And then phase two will be completed next year, which will make this asset fully stabilized producing cashflow and the plan here is to hold these for 10 years and then sell them off since they’re already condo mapped as individual townhomes. We’ll take a little look at the product inside. It’s a beautiful townhome unit. It leases very well. And like I said, it’s built to an energy efficient standard similar to net zero basically.
This is a behavioral health hospital asset that we have. Into it now for 23 million. It’s worth over 30. It’s stabilized, it’s producing income, it opened last fall and has been producing rents ever since according to its lease. And a little look at the asset. Again, we took something that was an existing building, gutted it, renovated it, brought in 96 beds of behavioral health hospital service to the Phoenix market, which was necessary.

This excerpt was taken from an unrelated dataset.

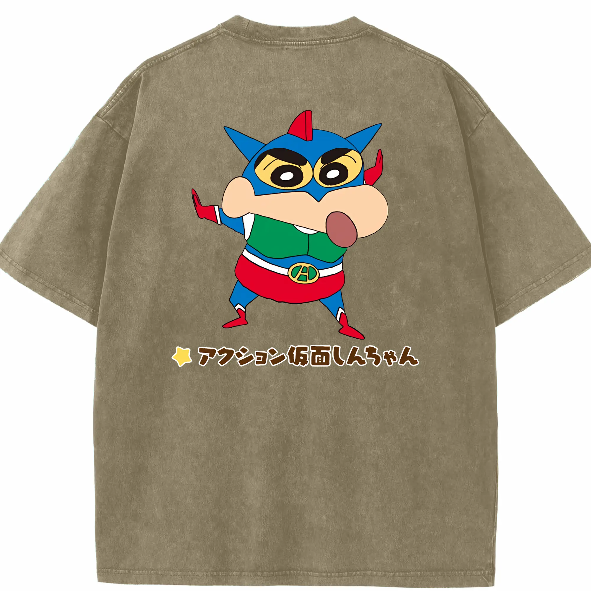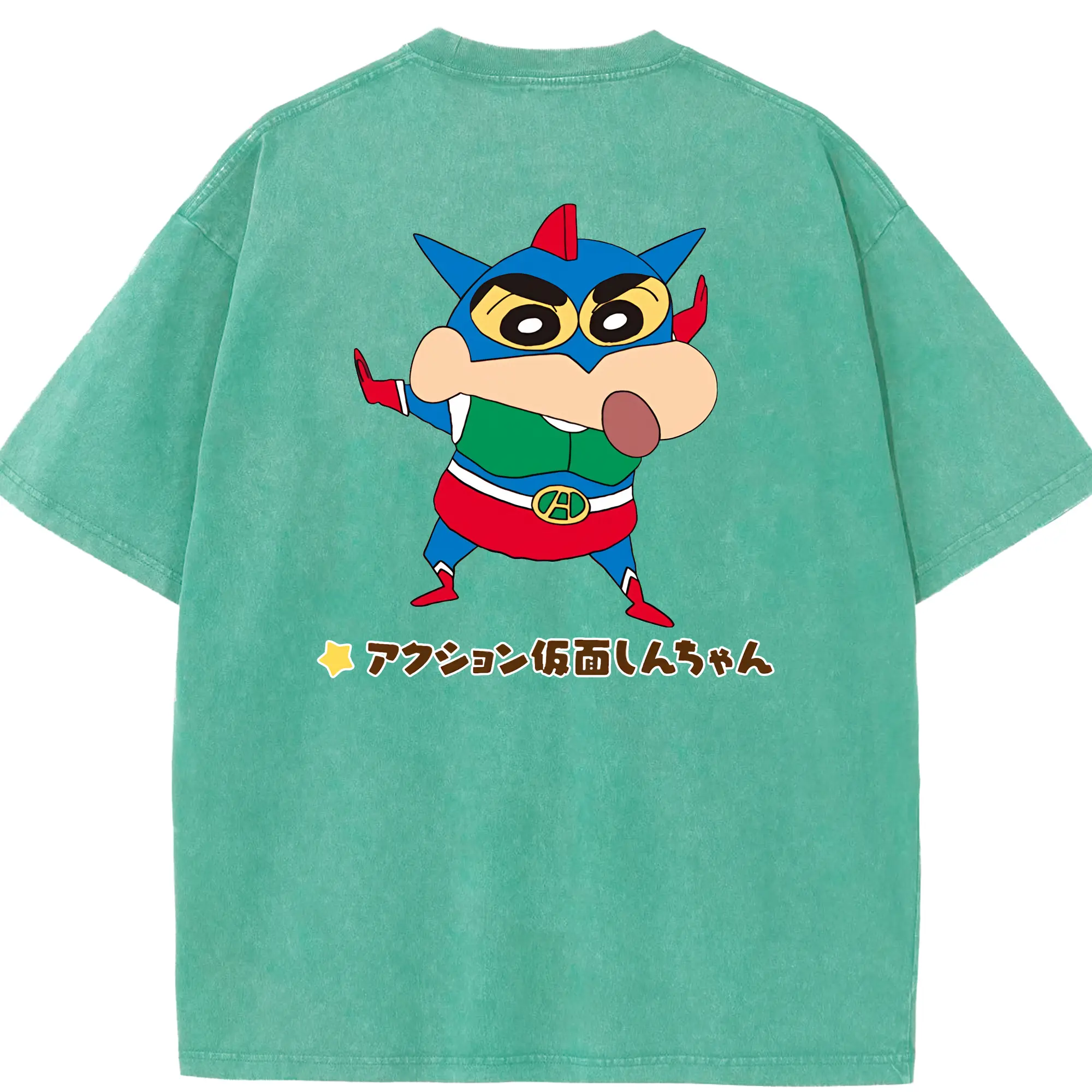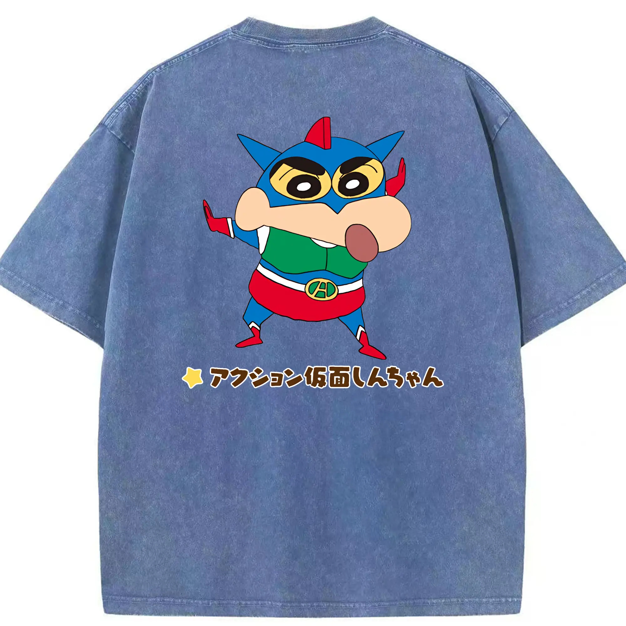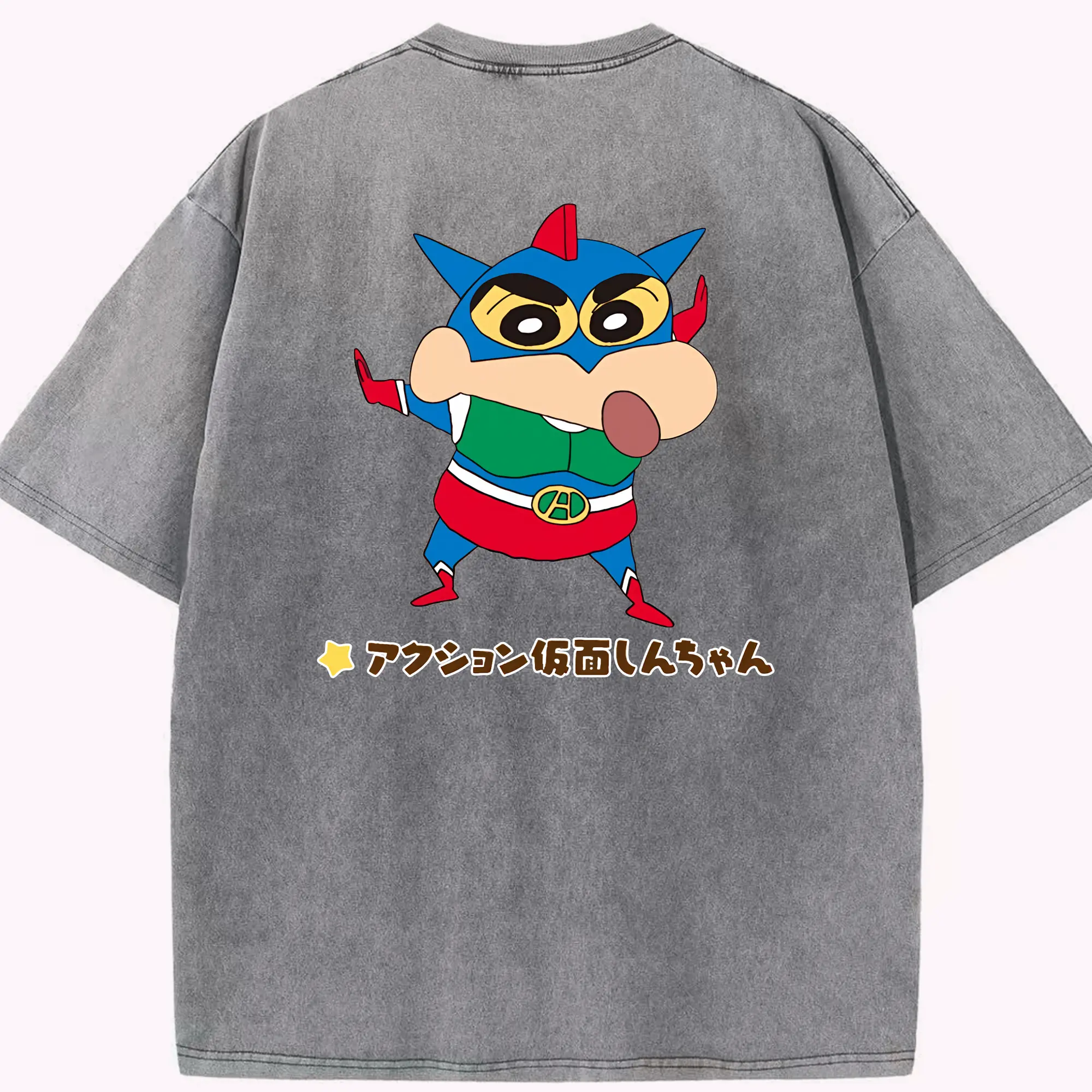 クレヨンしんちゃん グッズ アクション仮面 - 綿100% ヴィンテージ風 半袖Tシャツ ・ フロントプリント ・ 柔らか肌触り ・ 通気性 快適 ・ スポーツ カジュアル 外出用

This is our portfolio in Downtown Mesa. We actually own 10 buildings in Downtown Mesa, which is a historic downtown that was sort of left behind by the freeway system when that came in 50 years ago. It’s now being revitalized in conjunction with the addition of a new Arizona State University college campus which is actually being built right here and is nearly complete at this point in time. The downtown buildings that we own are mostly in this area here. And then also a building right here, which is one of the ones, the pictures that I showed you. And our friends at Griffin Capital are building about 800 units of apartments in this area over here.
Rancho Solano Schools is a private school that we’re building. It’s a build-to-suit deal with the school and a 20-year lease in place. We’re building it for about 11 million. They’re buying it from us a year later, or that’s the expectation, for about 13.8 million, so we have a locked in profit plus the rental income along the way. And we’re breaking ground very soon.
So, last but not least, I just wanted to give you a little visibility into some of the deals we have coming in. I’ve said it before and I’ll say again, we can probably tell you where the next 100 million of equity will go to. We’ve got about 115 million in the fund so far and we can point to what assets we’re gonna invest into next. The first one is Riverwalk in Scottsdale. This is about 68 acres of development property that we have in escrow at this point in time along the 101 freeway in Scottsdale, Arizona, right next to the Talking Stick Resort. You can see this is actually a top golf right here. We actually own this Hampton Inn here and the property that we have in escrow is the majority of these boxes here, except for box number three which we’re leaving behind with the last…with the seller. So, we’re acquiring this land and we have a development that we’re putting in this piece and we have a development that we’re putting in this piece that you would be spread both as a land owner with a spread in the land as well as a partner in the vertical development going on in what I think is one of the best Opportunity Zones in the country.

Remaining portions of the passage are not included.